For the Arts & Letters unit, Mr. Taber assigned a company logo (I did a terrible redesign of DC Comics’ logo), a placemat for a restaurant (I recreated the NES Sports Series logo adn used it as the centerpiece of a placemeat for a restaurant called “The Dugout), and product packaging. Not only did the packaging have to have all the necessary information about the product inside, it had to be functional.

I was such a nerd that I wound up making two packages. The first was a package for the DC Comics Cosmic Cards trading card series, and it used the logo from a previous project. When I handed it in for a grade, I had taken an entire pack of cards and put it inside the packaging.

The other? A cassingle case for “Screaming at the Top of Our Lungs.”

Like that Cosmic Cards packaging, the cassingle was designed to hold an actual cassette. At that time, I owned one cassingle–“We Didn’t Start the Fire”–and that helped me get the dimensions I needed for the project. When it was done, I printed it out (and I can’t remember if I printed it on cardstock or just taped the printout to cardstock) and handed it in with a cassette inside (no, I don’t know which cassette, probably the soundtrack to Footloose or something).

At some point, probably during one of the many purges of teenage ephemera I’ve done over the years, that cassingle project was thrown away. While it wasn’t anything amazing, I still wish I had it so that I could post it, but I can describe it from memory. I created a logo for the band that had very sharp letters and used Times New Roman for the song title and its B-side (a song I called “Very Annoying” that had a guest spot from, I think, Mariah Carey and Michael Bolton. I was kind of a little shit.). The color scheme was all primary colors and I’m pretty sure I slapped two or three pieces of clip art on there. And if you are shaking your head and thinking “That sounds like a mess,” you’d be right.

Then again, I was fourteen.

But … Brett took digital imaging as a high school freshmen and designed things that put my best work in that class to shame. So I guess “I was fourteen” isn’t the best excuse.

Anyway, I loved that computer lab in high school. I would come in before or stay for ninth period just to hang out with friends and fart around with Arts & Letters and PageMaker, working on whatever stupid side-project I had going at the time: a comic book about World War III, the ocver to a “novel” I wrote that was an R-rated teen spy movie crossed with a romance flick (yeah, I don’t know what the hell that means either, but it was called Neighborhood Spies and I typed it on my Smith Corona typewriter). And yeah, those side projects were just more on top of the layer cake that was me being a “weird” kid and made no sense to anyone but me, but that’s who I was doing it for, so … *shrugs*.

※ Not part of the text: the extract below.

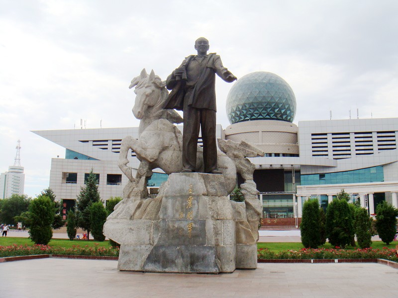 从乌鲁木齐到布尔津,我们走得是西线,10个小时的车程。经过的第一座城市,是石河子。关于石河子,百度上的介绍如下:“石河子是新疆生产建设兵团直辖的县级市,一度是新疆兵团总部所在地(后总部迁至乌鲁木齐),也是农八师实行师市合一管理体制的新兴城市,它是陶峙岳起义部队改编的中国人民解放军第22兵团官兵建设起来的。石河子市是以农场为依托、以工业为主导、工农结合、城乡结合、农工商一体化的军垦新城,以“戈壁明珠”的美誉著称于世。”

“Advanced Computer Graphics”, which I took in the spring of freshmen year, was my last class in that computer lab, but not my last turn at graphic design. I’d become a student journalist and newspaper editor in both high school and college, and spent ten years as a high school yearbook adviser (with three of them co-inciding with running the student newspaper). And one of my friends had pirated Arts & Letters, so when I got my first computer before going to college, I loaded the program on to my brand-new Packard Bell pentium computer. I had an HP LaserJet printer and would spend much of my freshman year printing out pages and pages of quotes to hang all over the wall of my dorm room. I also had a template for cassette tape labels and would make custom labels for mix tapes (which years later would graduate to making custom CD covers and back covers for mix CDs).

This all didn’t start with S.K.U.M., and I’m sure that even if I’d never seen the “Screaming at the Top of My Lungs” commercial, I would have still had a blast and made stupid stuff in computer graphics class. I guess I’m just tickled by how thse random connections work and how the most obscure things can wind up being formative.